23 Jun New Clustered Columnstore Indexes in SQL 2014
New Clustered Columnstore Indexes in SQL 2014
In SQL Server 2012, Microsoft introduced the new memory optimized Columnstore Indexes (based on xVelocity). These group and store data for each column and then join these columns together to complete the index. The down side of this was that once the Columnstore index had been created, the underlying table became read-only. Essentially making this a great feature for a reporting system but not for read/write system.
The new storage engine in SQL Server 2014 overcomes this limitation. Known as a ‘Clustered Columnstore Index’ this allows us to utilize the highly performant memory optimized Columnstore indexes, but with the ability to write to the tables using the normal DML operations (INSERT, UPDATE and DELETE).
In the same fashion as a normal SQL clustered index, a clustered Columnstore index is used to define how the underlying data is stored on the physical disks.
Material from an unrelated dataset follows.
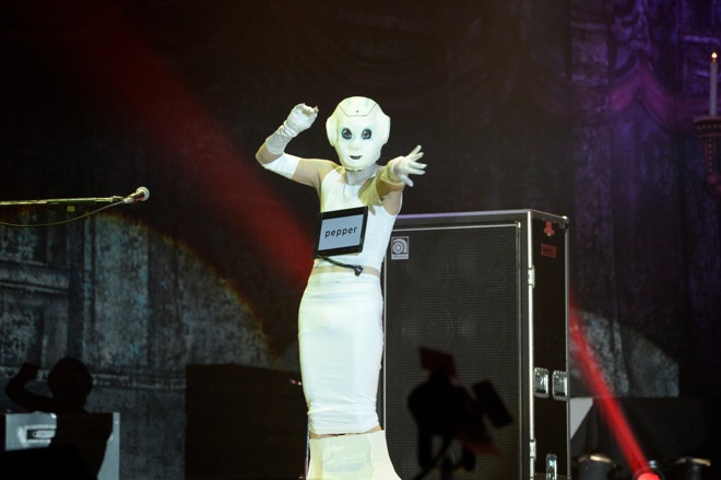 メンバー紹介を終えて、「抱きしめてシュヴァルツ」に突入するとライヴはさらにカオスに。Pepperくんが料理の作り方をレクチャーしようとすると、途中でR指定のエロい画像に切り替わってしまったり、Pepperくんの調子が悪くなって突然、煙を噴いて倒れてしまったり、騒然&爆笑のライヴが繰り広げられた。「毒グモ女(萌え燃え編)」ではエンディングでうぃっしゅポーズも飛び出し、鬼龍院が「DAIGOさん、ごめんなさい」と小声で謝る場面も。ラストはベンチもコンタックのカプセルの頭もとっぱらってボンボンを持ってランウェイを全力疾走し、「女々しくて」で盛大なエンディングを迎えた。その身体を張ってのエンタメ魂に大きな拍手と歓声が送られたのは言うまでもない。

A table with a Columnstore index is first broken down into segments and organised into row groups. Each of these row groups can hold from 102,400 to 1,048,576 rows. Once this row group is identified it is broken into column segments, these are then compressed and inserted into the actual Columnstore.
If we look at how SQL handles smaller amounts of data (under 100,000 records), this data is staged in what is known as a Deltastore. Once the Deltastore reaches the maximum size this can then be drained and the data processed into a new row group.
The Deltastore in question is closed while this operation is taking place but the operation itself is not blocking for the whole table. Additional Deltastore will be generated for the table while the current Deltastore is drained and if the table itself is partitioned then each partition has its own set of Deltastores.
NOTE: Unlike previous version of Columnstore indexes, this new clustered version in SQL 2014 must include all columns on the table. This is because there is no other heap or clustered index to fall back on for the rest of the row. So this means that clustered Columnstore indexes cannot be combined with other types of indexes.